What to Do If you Get Stuck on a Question During a Job Interview

Nothing can seem more frightening than not knowing how to answer a question in an interview. No matter how well you prepare for an interview, sometimes curveball questions land in our laps. 

Getting stuck on an interview question is more common than you think. Since we can’t control the questions a potential employer chooses to answer, part of our interview preparation should include making a plan of action for questions you’re not sure how to answer.

In this post we’ll share four things you can do if you get stuck on a question during an interview.



Ask for Clarification

Sometimes an interviewer will ask a question that isn’t clear. You may not be sure of the purpose, reason or information they want to obtain. This could be from a poorly worded question or simple miscommunication.  The best approach to this situation is to ask for clarification. 

If you're not sure of exactly what information the interviewer wants, ask them to explain. Try asking: "I want to give a meaningful answer to your question. Could you explain in more detail?



Buy More Time to Think

There are times when you may simply need more time to think. In a behavioral interview you may need more time to think of an example that is a good response to the question asked. Or maybe it's a complex question and you want to gather your thoughts before presenting your response. 

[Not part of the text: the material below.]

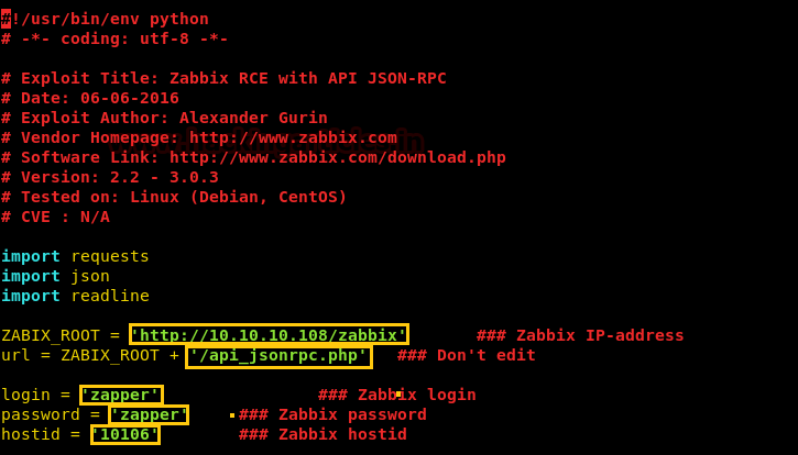 Searching for an exploit for Zabbix application, we find an exploit here. It requires username, password, and hostid to run the exploit successfully. As we have access to the dashboard, we can find the hostid of a container.
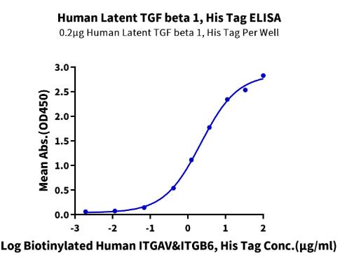 | Bio-activity : | Immobilized Human Latent TGF beta 1, His Tag at 2μg/ml (100μl/well) on the plate. Dose response curve for Biotinylated Human ITGAV&ITGB6, His Tag with the EC50 of 2.2μg/ml determined by ELISA. |

Whatever the situation, if you need more time to think, ask for it. Here are two effective strategies to use when you need more time to think about your answer to an interview question.

Strategy #1 


Restate the question. Try framing your restatement of the question like this:


Are you looking for examples of how I _______________ or blank _________?


Example: Are you looking for examples of how I’ve supervised teams remotely or in person.


Strategy #2

Ask to answer the question later in the interview. By coming back to this question at a later time during the interview, you’ll have the opportunity to think about it more. You may also be able to get a better understanding of what the interviewer is looking to learn from this question by the other questions they ask in the interview. 

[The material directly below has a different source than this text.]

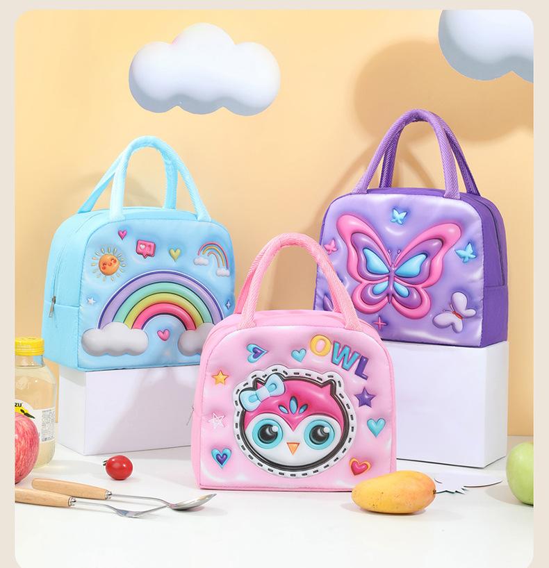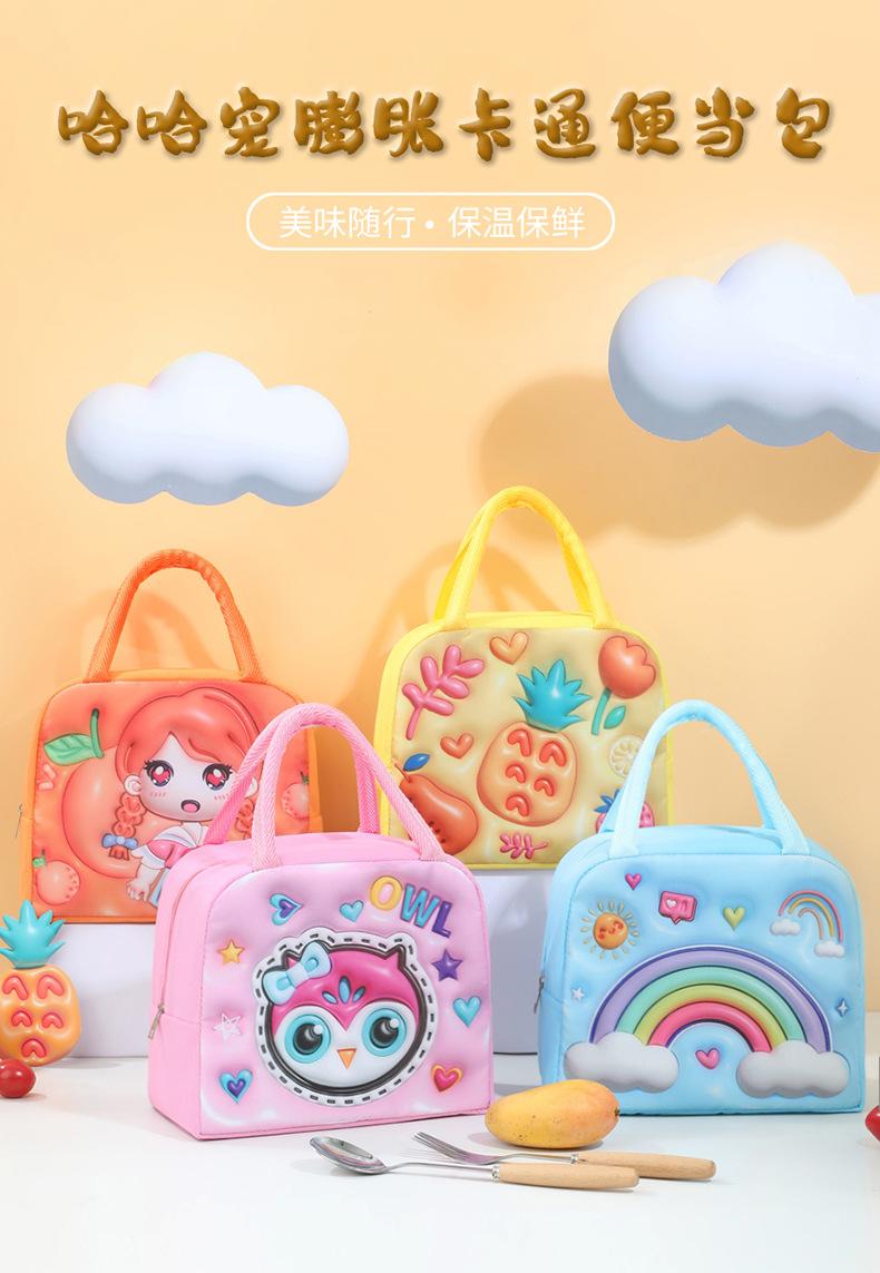 Nueva lonchera para niños, bolsa expandible con dibujos animados tridimensionales, bolsa de aluminio grueso para mantener el hielo fresco, bolsa aislante, lonchera

To ask the interviewer to come back to this question try saying something like:


"That's a tough question. May I have more time to think about it and answer later?



Answer It Later

If delaying your answer for the end of the interview isn’t enough time to provide a quality response, here’s your next move. Answer it later, as in after the interview. This may shock you, but you don’t have to answer every interview question on demand. If you’re too stressed or can’t think of a solid answer, provide your answer after the interview. 

If you're unable to think of an answer, ask to provide an answer after the interview. Take some time in a less pressure setting to consider or research. Then give your answer as part of your interview follow up. 

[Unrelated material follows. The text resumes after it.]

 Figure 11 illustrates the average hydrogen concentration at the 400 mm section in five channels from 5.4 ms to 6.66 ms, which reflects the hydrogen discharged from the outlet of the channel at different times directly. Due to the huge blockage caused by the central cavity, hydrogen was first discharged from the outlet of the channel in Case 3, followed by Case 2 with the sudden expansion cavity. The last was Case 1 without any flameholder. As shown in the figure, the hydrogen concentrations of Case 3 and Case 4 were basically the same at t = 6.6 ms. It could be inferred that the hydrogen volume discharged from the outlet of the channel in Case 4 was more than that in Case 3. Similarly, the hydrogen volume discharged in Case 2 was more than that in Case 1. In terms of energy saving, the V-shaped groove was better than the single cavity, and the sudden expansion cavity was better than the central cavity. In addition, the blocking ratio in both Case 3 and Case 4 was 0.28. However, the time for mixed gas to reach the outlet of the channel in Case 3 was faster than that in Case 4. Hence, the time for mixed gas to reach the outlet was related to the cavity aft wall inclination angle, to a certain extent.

To ask to answer an interview question later, say something like:

"That's a great question. May I follow up with you after the interview so I can think about it further?

Then follow up with the interviewer by email with your well thought out answer later.



Don’t Make It Up

Even those of us who are the best at interviews may get questions that they have no idea how to answer. If you find yourself without an answer even after asking a clarifying question, there is no shame in simply saying that you don’t have an answer.

It’s ok to not have an answer to every interview question. It is better to say that you don’t know than to make up an answer that could not make sense or not be the best representation of your skill. When you honestly don’t know the answer to a question you’re asked during an interview say so. 

You can say something like: 

"I'm not sure. But I will continue to think about this after the interview."



Even the best and most prepared candidates can get stuck on an interview question. Interviews are highly stressful and require you to think quickly on your feet. You may not be prepared or be able to think of an effective answer to a question for a variety of reasons. That’s why being prepared for a situation where you’re stuck on an interview question is important. By tucking these ideas into your interview preparation toolkit, you're able to bounce back quickly from those situations and calmly continue with the interview.